For the Birds

by Kay Mishkin

No matter where you live, you can look around you and see birds.  Sometimes we don’t pay any attention, and those feathered friends may seem invisible,  but if you are quiet and attentive, you will notice them, going about their business in a purposeful and interesting way.

By calling your day care children’s attention to birds, you add a new dimension to your nature studies.  Many benefits result, including:

New vocabulary:  feather, beak, fly, glide, perch, build nest, hop, peck, plus many opportunities to use conversation about what the birds are doing and why.

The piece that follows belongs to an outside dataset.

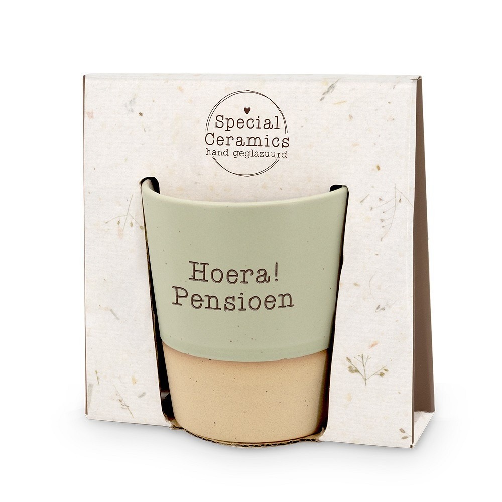 Pensioen keramische beker

Appreciation of difference so many different kinds of birds.  Name the birds as best you can, from robin to seagull to duck to wren to pigeon.   Listen to the different noises they make!  It is a good exercise in stillness to stay quiet and hear the sounds of the birds, best early in the morning and late in the afternoon.

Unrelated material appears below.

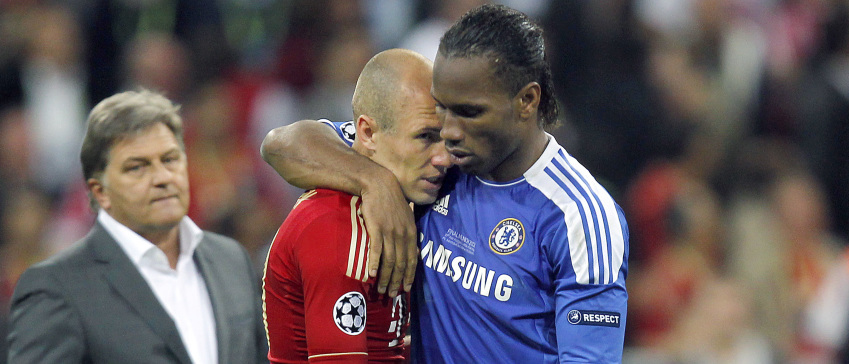 Chelsea begon bijzonder zwak een de strafschoppen, want nadat Philipp Lahm raak schoot namens Bayern wist doelman Manuel Neuer de inzet van Juan Mata te keren. Mario Gómez en Neuer faalden vervolgens niet en datzelfde deden David Luiz en Frank Lampard namens Chelsea. Daarna ging het helemaal mis voor FC Hollywood. Ivica Olic en Bastian Schweinsteiger wisten het net niet te vinden en zagen dat Ashley Cole en hoofdrolspeler Drogba hun zenuwen wel in bedwang wisten te houden en de cup met de grote oren meenamen naar Stamford Bridge.

Helping activities:  Children can help the birds by sharing in providing a bird feeder, especially in the winter.  In the spring they can put out string, yarn and other items for nest building.  If they spot baby birds, children can observe the adult birds finding food and feeding their young.  You can discuss with them ways to help a baby bird if they find one.

Expanding imagination:  Children may want to pretend to be birds, create nests and fly, talk about what it might be like living high in the trees or looking down on us.

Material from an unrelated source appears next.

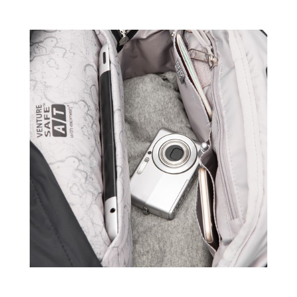 eXomesh slashguard, Carrysafe slashguard strap, RFIDsafe blocking pockets and material, Roobar Sport locking system, Interlocking zip pullers, PopNLock Security Clip, LockNLeave strap

Visual arts:  It would be fun to paint with feathers (you can buy them at a craft store) or use materials to draw, make collages of bird pictures cut from magazines.  Stamping would be fun, with images of bird feet, which you could stamp in various patterns… be creative!

Books and Music Look in your local library for stories featuring birds.  Look through your music collection.  I’m sure you will find songs with birds. One that comes to my mind is:  “When the red, red robin comes bob, bob, bobbin’…”

Noodle Nests – A recipe “for the birds!”

  • 1 tub (16 oz) of your favorite ready-to spread frosting. (or your homemade)
  • 4 cups cooked chow mein noodles
  • small jelly beans or green grapes
  1. Cover a cookie sheet with wax paper
  2. Heat the frosting, stirring constantly, until it is liquid.  Remove from heat.
  3. Stir in the 4 cups of chow mein noodles and stir until they are all coated.  Drop the mixture by ¼ cup about 1 inch apart on the cookie sheet.
  4. Make a hollow in each using the back of the spoon.  Let stand until firm.
  5. Use jelly beans or perhaps green grapes to be eggs in the nests.  Makes approx 16 nests.